## WORK TASK
The answer must consist solely of the lines below starting at the one containing "A peine avais-je" and ending at the one containing "書画家の姜璡熙(カン・ジニ)", repeated exactly, with both ends included and all pictures omitted.

## RECORDS TO USE
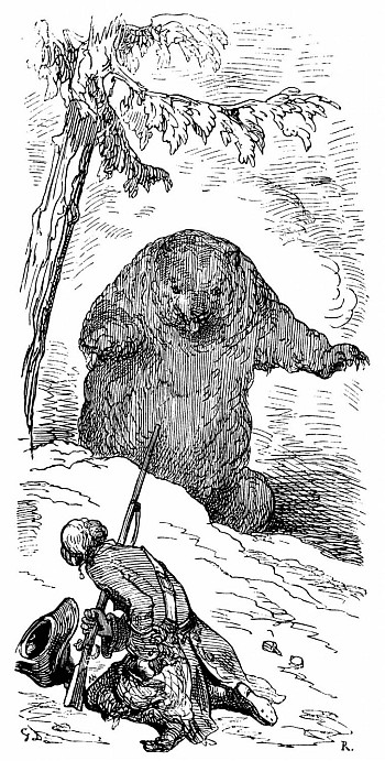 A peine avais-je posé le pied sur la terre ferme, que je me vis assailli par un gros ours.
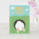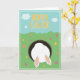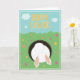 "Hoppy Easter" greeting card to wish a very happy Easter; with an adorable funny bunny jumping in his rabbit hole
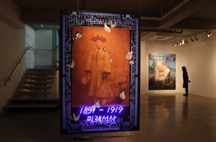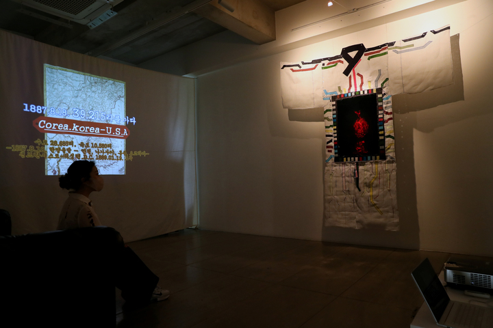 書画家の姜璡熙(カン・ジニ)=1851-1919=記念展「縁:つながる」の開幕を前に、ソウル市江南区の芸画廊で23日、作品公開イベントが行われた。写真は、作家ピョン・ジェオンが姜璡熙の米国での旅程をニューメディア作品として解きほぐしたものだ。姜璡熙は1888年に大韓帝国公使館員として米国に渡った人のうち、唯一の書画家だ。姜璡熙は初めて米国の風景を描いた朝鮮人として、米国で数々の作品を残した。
==
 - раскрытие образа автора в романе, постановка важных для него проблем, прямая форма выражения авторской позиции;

## SOLUTION
 A peine avais-je posé le pied sur la terre ferme, que je me vis assailli par un gros ours.
 "Hoppy Easter" greeting card to wish a very happy Easter; with an adorable funny bunny jumping in his rabbit hole
 書画家の姜璡熙(カン・ジニ)=1851-1919=記念展「縁:つながる」の開幕を前に、ソウル市江南区の芸画廊で23日、作品公開イベントが行われた。写真は、作家ピョン・ジェオンが姜璡熙の米国での旅程をニューメディア作品として解きほぐしたものだ。姜璡熙は1888年に大韓帝国公使館員として米国に渡った人のうち、唯一の書画家だ。姜璡熙は初めて米国の風景を描いた朝鮮人として、米国で数々の作品を残した。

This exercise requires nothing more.